* _EXERCISE_: All the lines below need to be transcribed exactly. Pictures get left out.

* _SOURCE DATA_:
[Start of Attachment]
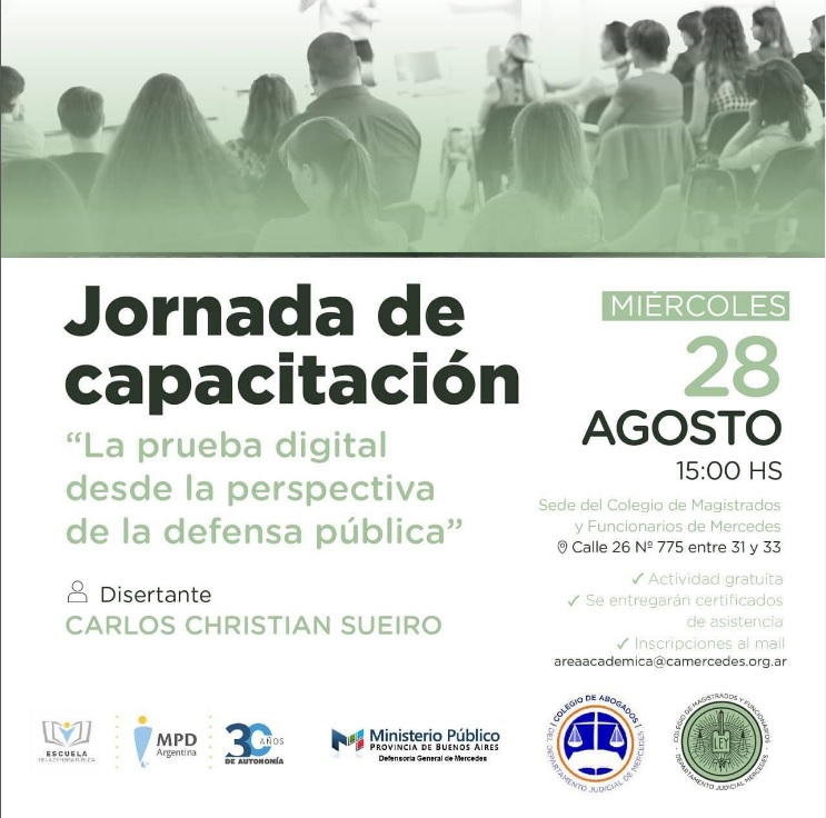 El próximo miércoles 28 de agosto a las 15 h se llevará a cabo en la ciudad de Mercedes, Buenos Aires, la jornada de capacitación “La prueba digital desde la perspectiva de la defensa pública”. La actividad está enmarcada en el ciclo realizado en conjunto con diversas asociaciones de magistrados y funcionarios y colegios de abogacía del país, con el fin de acercar a la población el servicio que brinda el Ministerio Público de la Defensa (MPD).
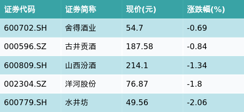 截至收盘,次高端白酒主题涨跌幅最高的五只股票为:舍得酒业(600702.SH)、古井贡酒(000596.SZ)、山西汾酒(600809.SH)、洋河股份(002304.SZ)与水井坊(600779.SH)。详情见下表:
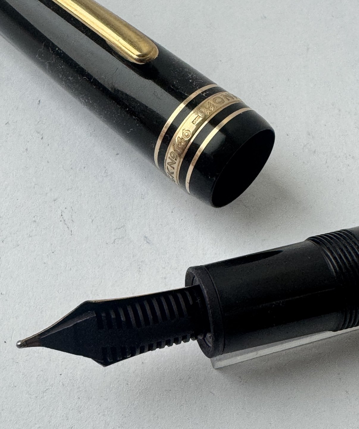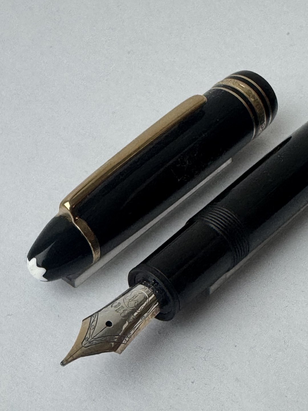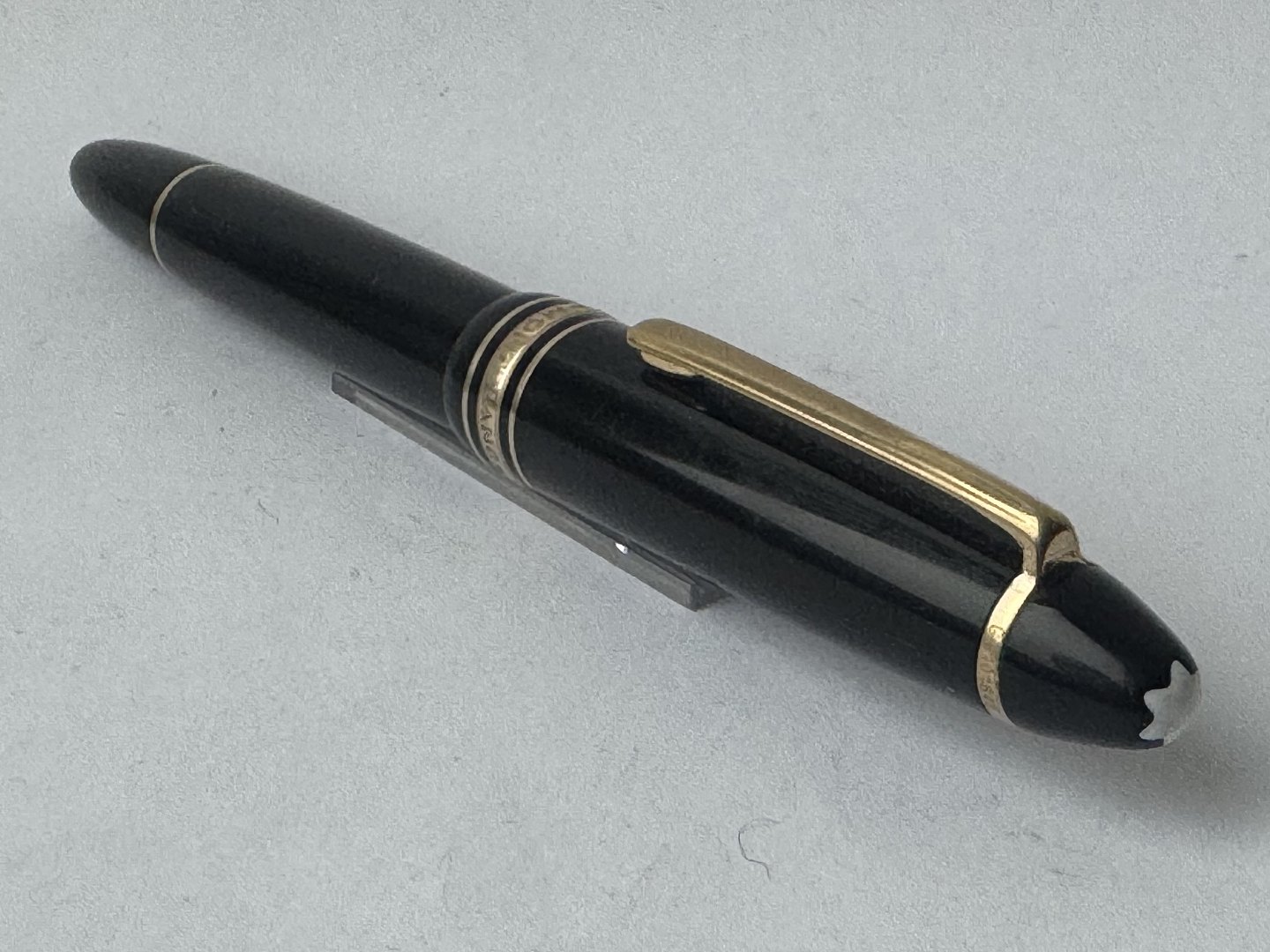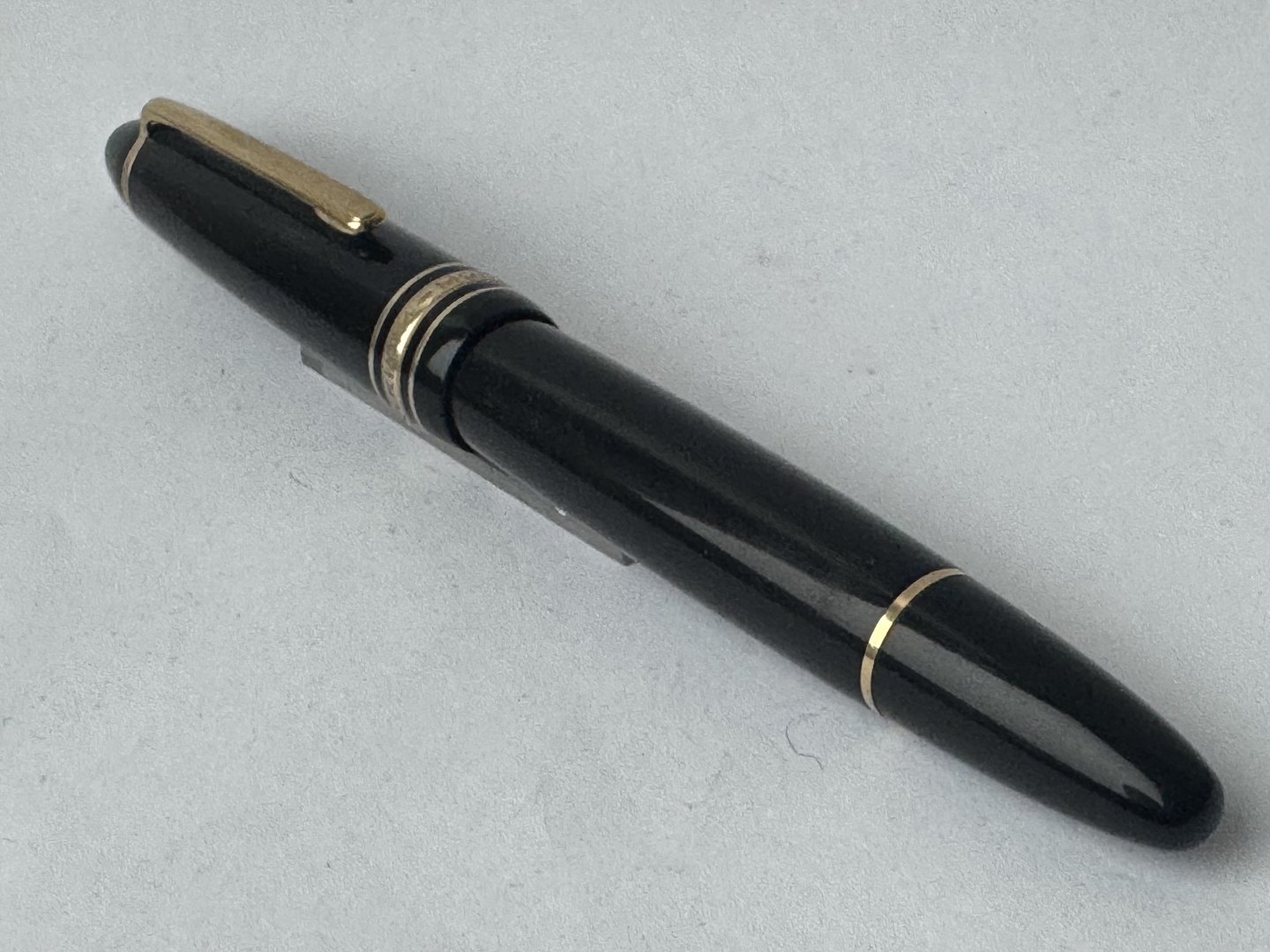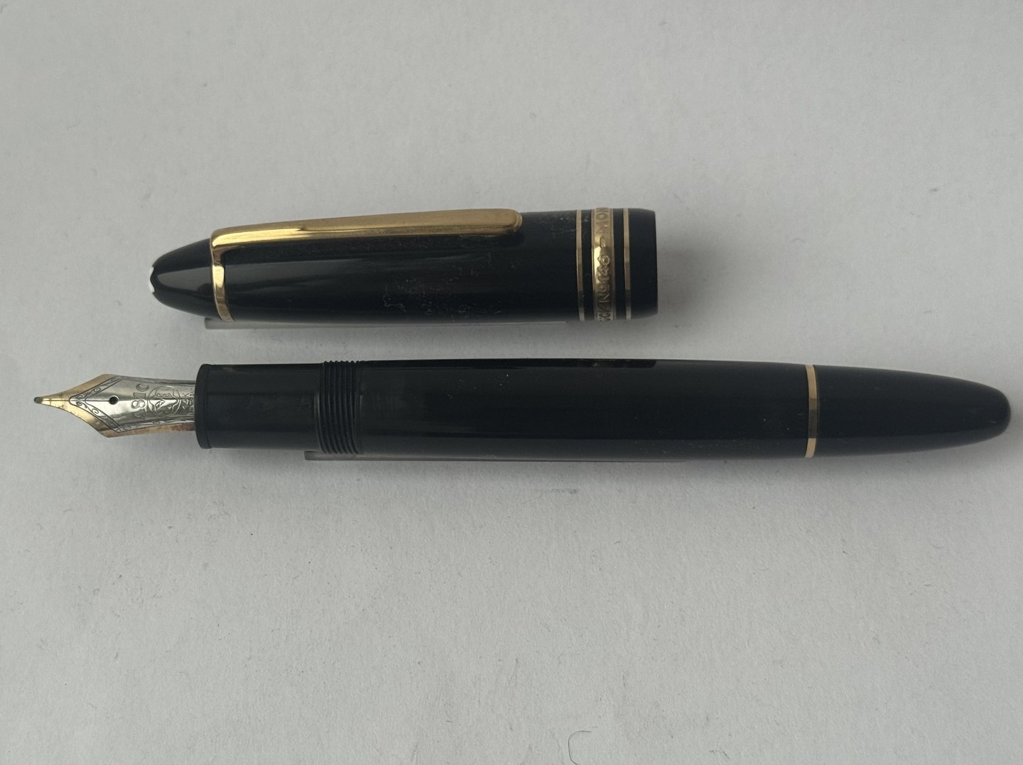 Sort Montblanc Meisterstück LeGrand fyldepen med alle originale Montblanc dele inklusiv en stor guldspids i 14 karat. Blækpåfyldning med piston filler. I god stand og klar til at blive brugt. L. 14,3 cm.
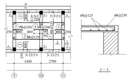 现浇楼层结构平面图主要标注轴线号、轴线尺寸、梁的位置和编号、板的厚度和标高及配筋情况。如图1-3所示,现浇板的上皮标高为3.720m,主筋为双向布置f8@125,构造分布筋为f8@200。
[End of Attachment]
* _RESULT OF THE EXERCISE_:
 El próximo miércoles 28 de agosto a las 15 h se llevará a cabo en la ciudad de Mercedes, Buenos Aires, la jornada de capacitación “La prueba digital desde la perspectiva de la defensa pública”. La actividad está enmarcada en el ciclo realizado en conjunto con diversas asociaciones de magistrados y funcionarios y colegios de abogacía del país, con el fin de acercar a la población el servicio que brinda el Ministerio Público de la Defensa (MPD).
 截至收盘,次高端白酒主题涨跌幅最高的五只股票为:舍得酒业(600702.SH)、古井贡酒(000596.SZ)、山西汾酒(600809.SH)、洋河股份(002304.SZ)与水井坊(600779.SH)。详情见下表:
 Sort Montblanc Meisterstück LeGrand fyldepen med alle originale Montblanc dele inklusiv en stor guldspids i 14 karat. Blækpåfyldning med piston filler. I god stand og klar til at blive brugt. L. 14,3 cm.
 现浇楼层结构平面图主要标注轴线号、轴线尺寸、梁的位置和编号、板的厚度和标高及配筋情况。如图1-3所示,现浇板的上皮标高为3.720m,主筋为双向布置f8@125,构造分布筋为f8@200。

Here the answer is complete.